Шрифт:
Закладка:
На следующий день его снова пытали. Били жестоко без пощады, насмерть. Но Турба опять выжил.
— Черт с ним, он уже выдал всё, что нужно. По адресу в Петрограде проведены аресты, — махнул рукой Кедров. — Наш подсадной агент сработал убедительно. Распорядитесь премировать его отрезом ткани из конфискованных у буржуазии запасов. Теперь надо искать Гиллеспи!
— Мизенер Елизавета, на выход, — скомандовал караульный.
Девушку повели вдоль перрона, руки назад, один солдат спереди, второй сзади, — не убежишь. Да и куда бежать, если тебе семнадцать лет, и все родные так же томятся под арестом.
— Залезай в вагон, живо!
Лиза открыла двери, в салоне вагона за столом сидела молодая женщина с короткой стрижкой.
— Ты знаешь, кто я?
— Нет, не имею чести.
— Не имеешь чести, — женщина усмехнулась, — что, конвоиры по дороге отняли?
— Я не в этом смысле, — покраснела Лиза.
— А я как раз в этом, вы, гнилая контрреволюция, давно уже продали империалистам свою честь и совесть и прислуживаете им с холуйским пристрастием.
Женщина говорила выразительно, по-театральному делая паузы, было видно, что она имела опыт выступления на митингах и знала, чем надо поразить толпу.
— Я Ревекка Пластинина, карающий меч революции в моих руках, и только от меня зависит, опустится он на твою голову или нет.
— Я ни в чём не виновата, — прошептала Лиза.
— Да неужели? — изумилась Пластинина. — Может расскажешь представителю Советской власти, как путалась с американскими агентами? Как принимала от них подарки за верную службу, как спала с американским послом, шлюха!
— Это не правда, — зарыдала Лиза, — я учила с ним французский, мы повторяли грамматику.

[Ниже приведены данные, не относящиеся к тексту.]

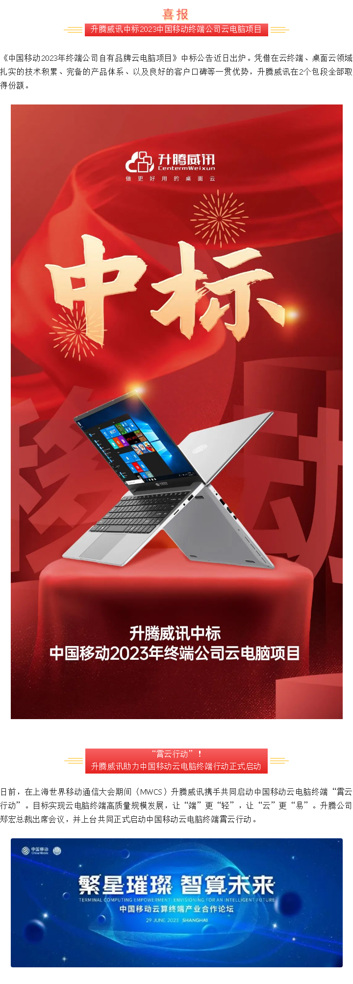 喜报!凯时ks威讯中标2023年中国移动云电脑项目,,,,,,,,助力宣布“霄云行动”
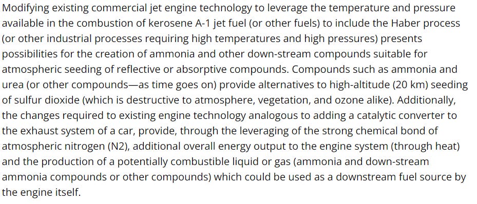 Although there already were patented engines that can handle additives, Hanson-Haber claims the reason for their patent is to, “provide alternatives to high-altitude seeding sulfuric acid”, because drenching the earth in sulfuric acid, a hazardous carcinogen that should never been inhaled, might not be such a good idea after all.
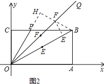 (3)作BH⊥OP于H,交OQ于F,作FE⊥OB于E,E、F即为使BF+EF得最小值的点;如图2所示:![]()

— Теперь это так называется, значит?! Отпираться бесполезно, у нас есть показания людей, которые всё это видели.
— Чьи показания?
— Не веришь представителю Советской власти? Дворника Михеева знаешь? Его показания. Прислугу Тарабухину не припомнишь? Её тоже допрашивали, и она подробно рассказала про обеды ваши, и про занятия в кабинете, и про секретаря американского Армора Нормана, который втайне собирал информацию против Советской власти.

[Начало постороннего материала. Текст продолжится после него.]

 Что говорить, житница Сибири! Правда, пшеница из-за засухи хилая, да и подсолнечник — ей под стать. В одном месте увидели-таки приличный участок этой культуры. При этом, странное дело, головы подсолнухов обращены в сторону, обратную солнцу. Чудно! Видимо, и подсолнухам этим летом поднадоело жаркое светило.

— Наоборот, Норман порядочный человек.
— Вот видишь. Во всём и созналась. Этот Норман, или как там его, агент американской разведки, прикрывавшийся дипломатическим паспортом, он арестован и будет осужден по всей строгости революционного закона.
— Он в тюрьме?
— Да, и уже во всем сознался, назвал, между прочим, фамилию твоего отца, который изобличен нами как белогвардейский агент и руководитель заговора против Советской власти.
— Папа не мог, он болеет.
— Молчать! — глаза Ревекки Акибовны налились кровью, — раньше надо было думать, пока под расстрел не повели.
— Расстрел? — Лиза осеклась, закрыла лицо руками и залилась слезами.
Пластинина встала из-за стола, поправила юбку, подошла к дочери генерала и наотмашь ударила её по лицу.
— Получай, гадина. Поделом тебе, тварь продажная, родину продала за веселье и сытое житье.
— Я никого не продавала!
— Ах ты так?
Она принялась из всех сил наотмашь бить Лизу по лицу, та пыталась закрыться ладонями.
— Эй, солдат! Свяжи ей руки, брыкается мразь.
Караульный достал веревку и стянул Лизе локти. Лопатки несчастной оказались сведены вместе, верхняя пуговка на блузке расстегнулась, обнажив гладкую белую кожу на груди арестованной.
Пластинина взглянула на этот кусочек невинного девичьего тела, и он пробудил в ней волчицу.
— Вот так-то лучше, — сказала она и снова начала с силой лупить девушку по щекам.
Волосы Лизы перепутались и слиплись от крови и слез, глаза заплыли о кровоподтеков. После очередного удара она рухнула на пол.
— Посмотри там, — сказала Пластинина караульному, — неужели потеряла сознание?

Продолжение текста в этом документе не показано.